◆ Data provided

○ ○ ○

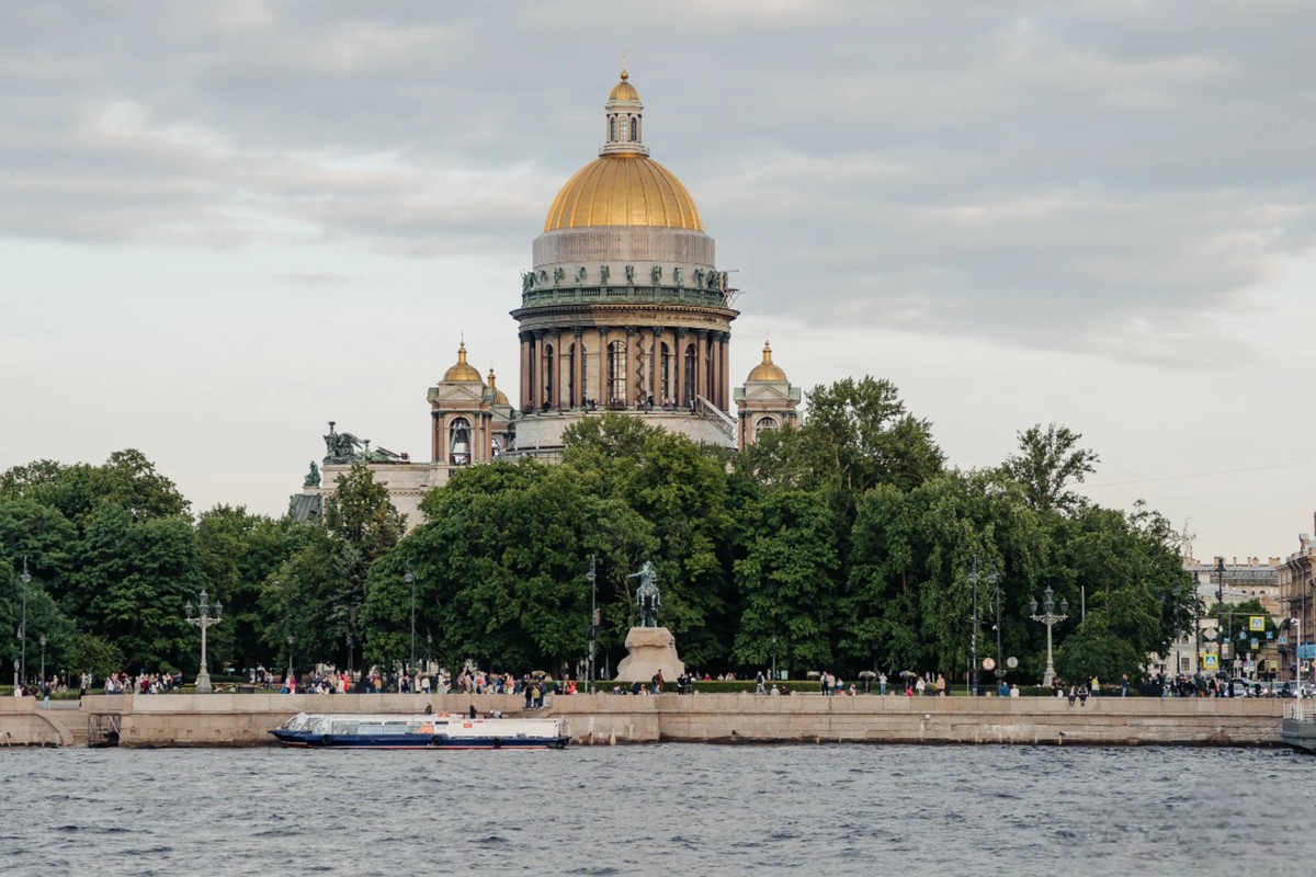 Знаменитый памятник Петру I, возвышающийся над Невой. Рядом — Исаакиевский собор и Александровский сад.
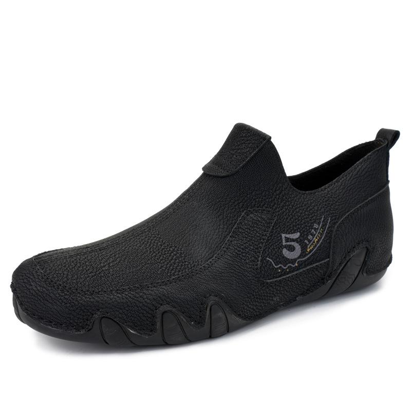 Осень и зима 2025 года, внешняя торговля, большой размер, утечка, помощь в сборе, повседневная мужская обувь Doudou, натуральная кожа, корейская версия, ленивая педаль 38 чёрный
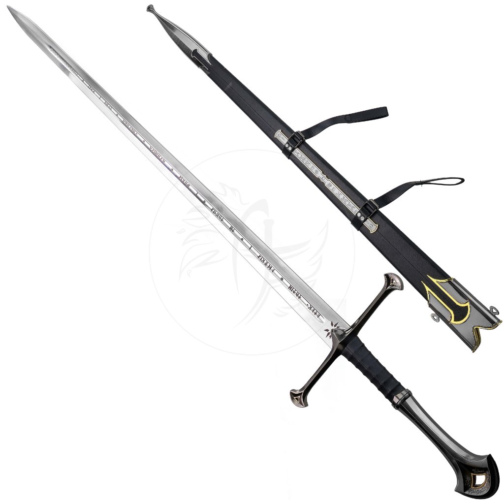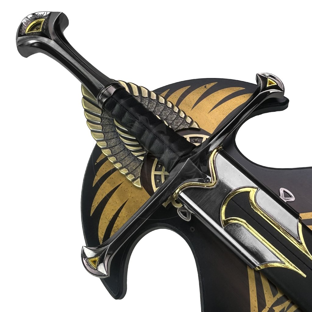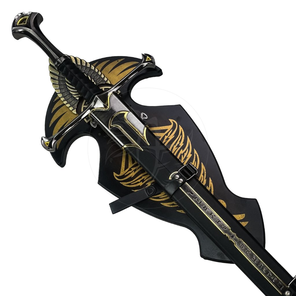 🔹 ANDURIL - THE SWORD OF ARAGORN – ikonická replika meče Aragorna, krále Gondoru ze světa Pána prstenů. Dlouhá čepel, zdobená záštita a elegantní rukojeť vytváří věrnou fantasy repliku, která je ideální pro vystavení na stěně, sběratelské účely nebo jako výrazný cosplay doplněk.
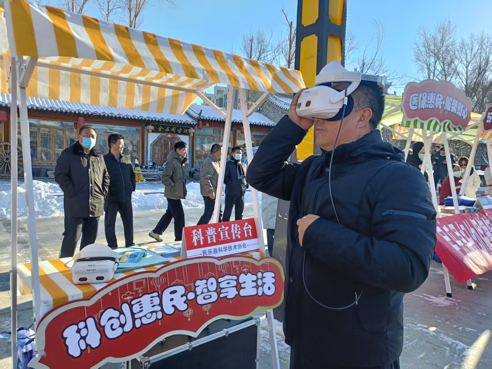 12月20日,冬日的民乐古城暖意融融,民乐县2026年文化科技卫生“三下乡”集中示范活动暨“情暖冬至·文明集市”新时代文明实践活动在此正式启动。作为打通服务群众“最后一公里”的重要载体,县科协携VR眼镜、大疆无人机等科技装备惊艳亮相,以沉浸式科普体验为群众送上“科技暖冬礼”,让科学魅力在烟火气中浸润人心。

○ ○ ○

◆ Exercise requirements
A faithful copy is needed of the lines from the one containing "výrazný cosplay doplněk." through the last line of the data above, with pictures left out.

◆ Worked solution
 🔹 ANDURIL - THE SWORD OF ARAGORN – ikonická replika meče Aragorna, krále Gondoru ze světa Pána prstenů. Dlouhá čepel, zdobená záštita a elegantní rukojeť vytváří věrnou fantasy repliku, která je ideální pro vystavení na stěně, sběratelské účely nebo jako výrazný cosplay doplněk.
 12月20日,冬日的民乐古城暖意融融,民乐县2026年文化科技卫生“三下乡”集中示范活动暨“情暖冬至·文明集市”新时代文明实践活动在此正式启动。作为打通服务群众“最后一公里”的重要载体,县科协携VR眼镜、大疆无人机等科技装备惊艳亮相,以沉浸式科普体验为群众送上“科技暖冬礼”,让科学魅力在烟火气中浸润人心。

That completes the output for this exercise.